先日、健康診断の便潜血検査で便のサンプルを取ろうとしたときに、トイレの自動水洗機能が作動して便が流れてしまうという悲劇が起きました。便利すぎる現代の機器がかえって不自由を招く典型例と言えるかもしれません。この出来事をきっかけに、私たちの生活に浸透した「便利すぎる機能」が抱える不合理について考えてみたいと思います。
便利すぎる機能の落とし穴「便利害」
自動水洗トイレは、手を触れずに水が流れるため衛生的であり、忙しい現代人にとっては非常にありがたい便利機能です。しかし、健康診断の便潜血検査のように、便のサンプルを採取しなければならない場面では、この便利さが逆に障害となります。便利機能が「できることをさせてもらえない機能」になってしまった典型例とも言えるでしょう。生活のあらゆる場面で効率化と自動化を追求してきましたが、その結果として「自分で行う作業」や「自分で調整する自由」が奪われてしまうことがあります。
人が関与する楽しみ「不便益」
一方、ロボット掃除機は掃除の手間を減らしますが、掃除前には床の物を片付けるという「ひと手間」が必要です。自らが物を片付けることで、自分の生活空間に向き合い工夫する楽しみが生まれます。こうした不便が「不便益」と呼ばれ、気づきをもたらし人生に豊かさを与えます。たとえば自宅の掃除やメンテナンスは、家への愛着を育むとともに感性を高め、暮らしの豊かさを育みます。また庭の手入れは、草むしりや水やりなど不便で手間が掛かりますが、一方では自然の移ろいを肌で感じ、季節感にどっぷりと浸ることが出来ます。
「便利害」と「不便益」の整理
便利さが過剰になることで生まれる「便利害」と、不便だからこそ得られる価値や楽しみの「不便益」の関係性について、わかりやすく以下に図示してみました。
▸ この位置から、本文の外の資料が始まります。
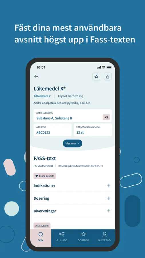• På produktsidan finns utöver Fass-texten även länkar till substans, ATC*-register, utbytbara läkemedel och kontaktinformation till företaget.

右上の「便利益」と左下の「不便害」は、「便利で良いこと」と「不便で悪いこと」ですのでわかりやすいですね。
右下の「便利害」は、人が関与することがなくなることから生じる弊害です。例えば車の自動運転は、運転好きな人からドライブの楽しみを奪ってしまいます。また、昔のお風呂は水をためてからガスで沸かしたので、上の方はちょうどいい温度でも、下はぬるいということがありました。水は温度によって比重が変わり、温度にムラがあるのが自然の理ですが、自動給湯システムではその理屈はわかりません。「物事のブラックボックス化」が進むことで、物事の理屈に対する理解力が低下してしまいます。
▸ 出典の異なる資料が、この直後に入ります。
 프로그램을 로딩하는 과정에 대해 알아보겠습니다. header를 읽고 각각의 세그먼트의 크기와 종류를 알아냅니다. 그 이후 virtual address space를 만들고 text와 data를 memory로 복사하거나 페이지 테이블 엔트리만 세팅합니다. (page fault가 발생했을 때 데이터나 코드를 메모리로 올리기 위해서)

左上の「不便益」は自分で状況に対処することになるので、能力の向上や技術の上達が期待できます。主体性をもって工夫を凝らし、自分のオリジナルな状況を造ります。例えば介護施設での「バリア・アリー」の採用は、あえてバリアを設けることで身体機能の低下を防ぐことを狙っていますし、電子辞書に代わり「紙の辞書」を使うことで、調べた単語以外にも目が行き、知識の広がりに寄与すると言われています。また、目的地が遠く「不便」な場合には、歩く時間が生まれます。途中で人間観察を楽しんだり、気分転換をしたり、プロセスを楽しみ・理解することで安心し、また発見する喜びもあります。
まとめ
このように、便利すぎる機能が「自分でやる楽しみ」や「調整の自由」を失い、不便さが「能力の向上」や「楽しみ」「発見の喜び」に結び付くことがあります。「便利だからいい」という単純な価値観を見直し、「便利害」と「不便益」を区別して考え、便利さと不便さのバランスを意識することが大切だと思います。